The research is detailed in an article titled "Mental models accurately predict emotion transitions," published last month in the Proceedings of the National Academy of Sciences by Tamir and Mark Thornton, who did the work as Ph.D. student at Harvard and is now a postdoctoral researcher at Princeton. Thornton is also a member of Princeton's Class of 2011.

For a social species like humans, the ability to predict the future emotions of those around us pays off all the time, whether you're trying to comfort a loved one, outmaneuver a rival or close a sale. "This ability to see into others' affective future may be one way by which humans achieve their impressive social abilities," the researchers wrote.

To determine how likely people are to transition from one emotional state to another, the researchers looked at data from three studies that asked participants to record their current emotional state repeatedly over an extended time period. From that, the researchers estimated the actual rate of transitions between emotional states. Someone who reports feeling gloomy, for example, is much more likely to report next that they are feeling sad than they are to report feeling pleased.

Emoticons packed into a vending machine

Humans can predict others’ emotions up to two transitions into the future with above-chance accuracy, the researchers found.

Then, the researchers asked separate study participants to rate the likelihood that one emotion might transition to another.

"Comparing participants' ratings of transition likelihood to others' experienced transitions, we found that raters have accurate mental models of emotion transitions," the researchers wrote. "These models could allow perceivers to predict others' emotions up to two transitions into the future with above-chance accuracy."

So, for example, the data on people's reported emotional transitions showed it to be fairly likely that a person feeling touchy would next feel distressed. Similarly, the study participants rated "distressed" as an emotion likely to follow "feeling touchy."

The researchers found evidence that the mental model people use to predict emotional transitions is informed by four conceptual dimensions:

  • valence, whether an emotion is positive or negative;
  • social impact, whether an emotion is intense and social or mild and asocial;
  • rationality, whether an emotion is more about cognition or affect; and
  • human mind, whether an emotion is purely mental and human-specific, or bodily and shared with animals.

Transitions are more likely to happen between emotions that share the same valence, for example. So, an emotion whose valence is positive, such as "giddy," is more likely to be followed by another emotion with positive valence, such as "excited," than an emotion with negative valence, such as "upset."
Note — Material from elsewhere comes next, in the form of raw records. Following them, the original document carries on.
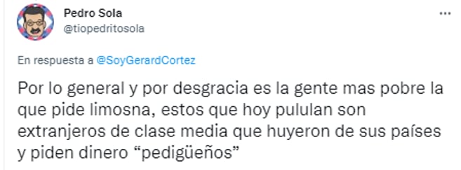 “Estos que hoy pululan son extranjeros de clase media que huyeron de sus países y piden dinero ‘pedigüeños’ ”
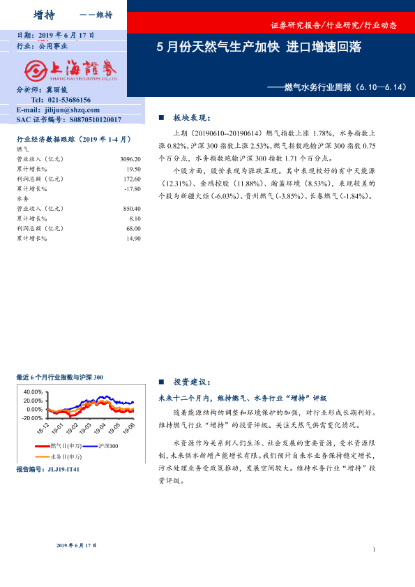 【上海证券】【20190617】燃气水务行业周报:5月份天然气生产加快进口增速回落-7页
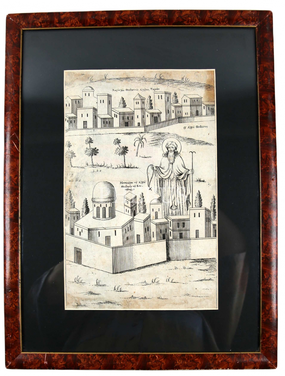 Kapadokyalı Aziz Thodosius'un Kudüs 'de 476 yılında inşa ettiği manastırın ve azizin remi bulunan taş baskı gravür, çerçeveli,
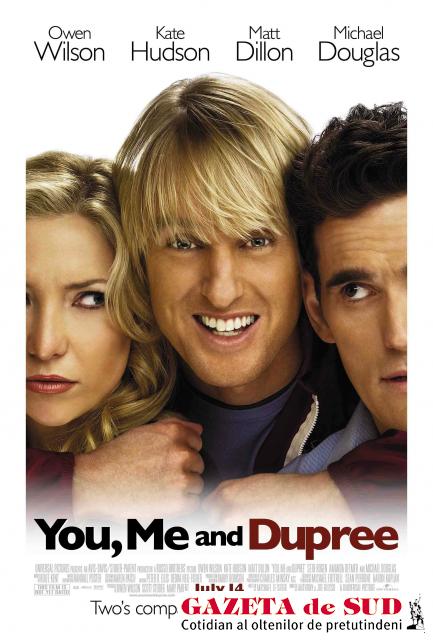 „You, Me and Dupree“ este povestea unui tânăr simpatic, bine intenţionat, dar reţinut, care-şi scoate din minţi prietenii. Carl şi Molly întâmpină un singur obstacol nefericit în noua lor lume a căsătoriei, construită atât de perfect: Dupree. Un leneş cu suflet de poet, Dupree nu pare să ia nici o pauză de la The Man. Atunci când îşi ia o săptămână liberă pentru a merge la nunta celui mai bun prieten, în Hawaii, şeful lui Dupree îi dă de înţeles acestuia că-şi va pierde slujba. Fără un loc de muncă, fără maşină şi evacuat din casa în care locuia, acesta trebuie să stea cu familia Peterson. Pentru început, Carl este încântat să-l aibă ca oaspete pe Dupree, în timp ce Molly trebuie să-şi reprime furia şi să asculte povestirile bine intenţionate ale lui Dupree. Dar, cu cât Carl se cufundă mai mult în afacerea lui în plină dezvoltare în construcţii, acesta îşi dă seama că este greu să facă faţă şi lui Dupree şi noilor sale responsabilităţi. Cu cât timpul trece, oaspetele lui şi al lui Molly devine o companie pentru aceasta din urmă. Chiar şi tatăl lui Molly începe să fie încântat de înţelepciunea lipsită de griji a lui Dupree, frustrându-l pe Carl tot mai mult.
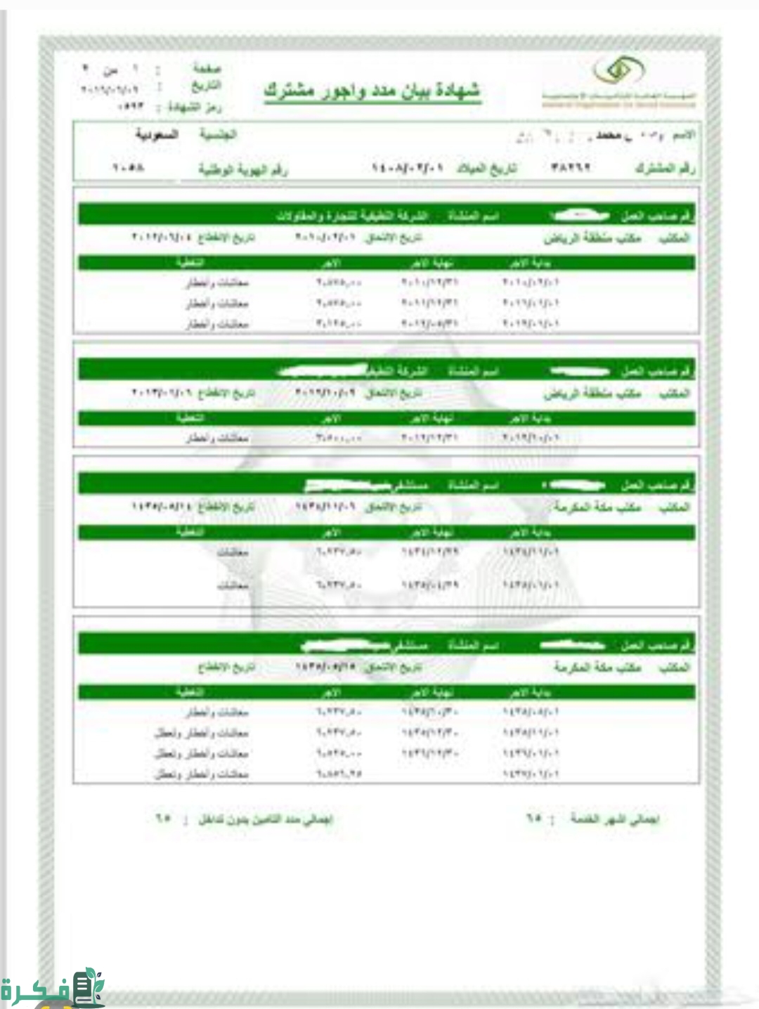 شهادة بيان مدد الاشتراك في التأمينات الاجتماعية
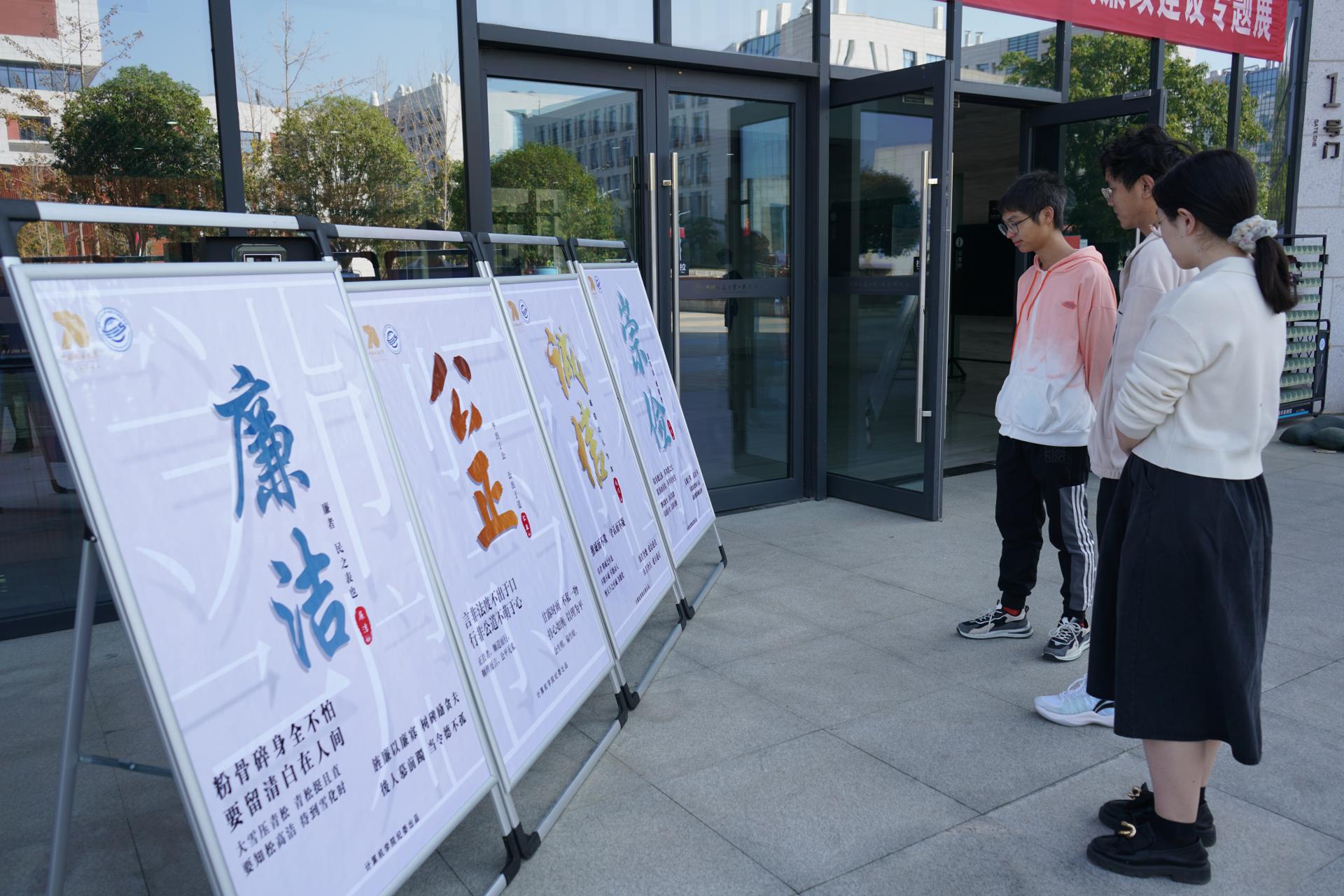 校党委副书记、纪委书记唐忠阳一行来到活动现场,与师生亲切交流,为获得“党风廉政知识竞答”活动一等奖的学生颁发奖品。
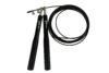 Švihadlo Acra Jump černé je vynikající cvičební pomůckou pro zlepšení celkové kondice. Rukojeti, které jsou vyrobeny z pevného hliníku, mají protiskluzový povrch, což zajišťuje bezpečné a pohodlné uchycení. Kovová otočná ložiska s utahovacím šroubem umožňují snadné nastavení délky lanka dle potřeby. Samotné lanko má ocelové jádro chráněné gumovou bužírkou, a je zakončeno gumovými odnímatelnými pouzdry, které umožňují přesné zkrácení švihadla.
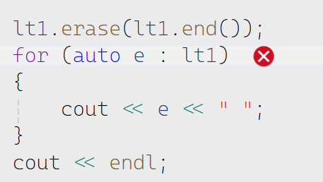 当然这样也是不支持,因为end是指最后一个数据的下一个位置,范围for遍历时会奔溃

Lisa Feldman Barrett, a University Distinguished Professor in the Department of Psychology at Northeastern University who is familiar with the work but wasn't involved in it, said the research's "focus on temporal dynamics, in particular, is an important innovation in the study of emotion perception."

Tamir said the researchers are working to understand why some people are better than others at predicting emotional transitions and how different abilities translate to different levels of success in the world.